4. Dogs are challenging
It’s not easy to be a responsible pet owner. Although I grew up with two Bichons, I really didn’t understand everything that goes into caring for a pet until I got older.

It’s difficult to work with a dog, especially a stubborn one. Sometimes it feels impossible to be consistent. It’s tiring, and frustrating, and downright painful at times — but it’s so unbelievably worth it.

The challenges associated with dog ownership range; with Snort, I’ve been an integral part of her training and adjustment from day one. With Lucy, it’s been hard to watch her grow old and to think of losing her like we did her brother last year.

Whether mentally, physically, or emotionally, dogs challenge us in the best ways. They help us build our stamina — they help us grow.

5. Dogs breed empathy
Research has shown that kids who grow up with pets are more empathetic than those who don’t. Caring for someone other than yourself is extremely valuable — especially when that someone can’t speak your language. It forces you to pay closer attention to nonverbal communication and to learn how to sense what those around you need.

My first childhood dog definitely taught me about love, and even though I was 19 when we got Snort I realized that I still had so much to learn.

There is something about being around creatures like dogs — pure, with roughly the mental capacity of toddlers — that makes you feel more kind and patient.

6. Dogs inspire education
I’ve loved dogs for a long time — but I won’t pretend that I have always been an expert on them. I’ve gone through many phases in my life where I didn’t fully understand a training style or particular genetic factor.

When we got Snort and I became so committed to training her well and keeping her life balanced, I learned about huskies and dogs as a whole. I was accepted into an amazing community of canine lovers, both casual pet owners and dedicated trainers.

Not only have I learned about animals and science in this process, but I’ve also gained insight about people. I’ve participated in discussions, I’ve met folks who I never before would have talked to, I’ve grown as a human being.

When we care about our dogs enough to learn everything we can, we find that we gain much more than an understanding of training styles or rescue/breeder debates.
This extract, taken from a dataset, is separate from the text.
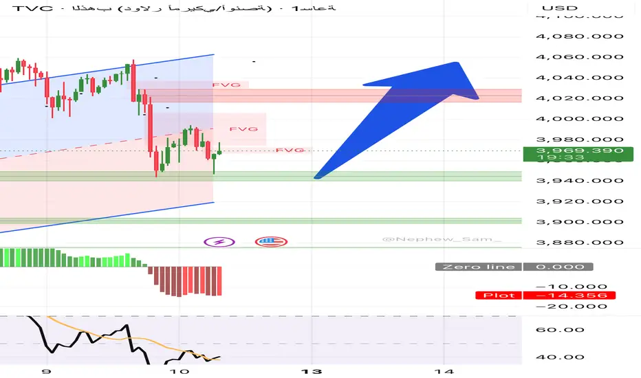 السعر الحالي 3,960 دولار للأونصة، ويتداول الذهب داخل قناة صاعدة رئيسية، لكنه حاليًا يتحرك في تصحيح هابط مؤقت بعد رفض قوي من منطقة ,– 4,040.

We gain the capacity for critical evaluation, for free thought, and for open mindedness.

7. Dogs know, more than anything else, how to love
At the end of the day, all the biology and training aside, this is my favorite thing about dogs: they love you.

Dogs love like no creature I’ve ever met (except maybe cats, but that’s a different article for a different day). Dogs don’t judge you based on trivial factors. They don’t care if you’re “cool” or weird or obnoxious — they just care if you love them back.
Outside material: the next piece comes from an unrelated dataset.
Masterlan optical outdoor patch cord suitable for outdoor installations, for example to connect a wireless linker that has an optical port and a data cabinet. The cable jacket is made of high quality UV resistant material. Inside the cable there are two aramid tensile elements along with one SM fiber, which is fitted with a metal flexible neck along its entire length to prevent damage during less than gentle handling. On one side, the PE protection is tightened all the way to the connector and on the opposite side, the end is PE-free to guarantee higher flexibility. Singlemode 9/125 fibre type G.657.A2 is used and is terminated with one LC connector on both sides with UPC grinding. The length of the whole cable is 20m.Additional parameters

Of course there are some dogs whose nature or nurture pushes them past the point of loving humans, but even abused canines are frequently happy to be rescued and in the presence of people. After all, they’ve been bred as companions — and no one is going to love you better than your dog will.

When the world is chaotic and social media is exhausting and insecurities run rampant, nothing calms your soul quite like the unconditional love from your furry pal.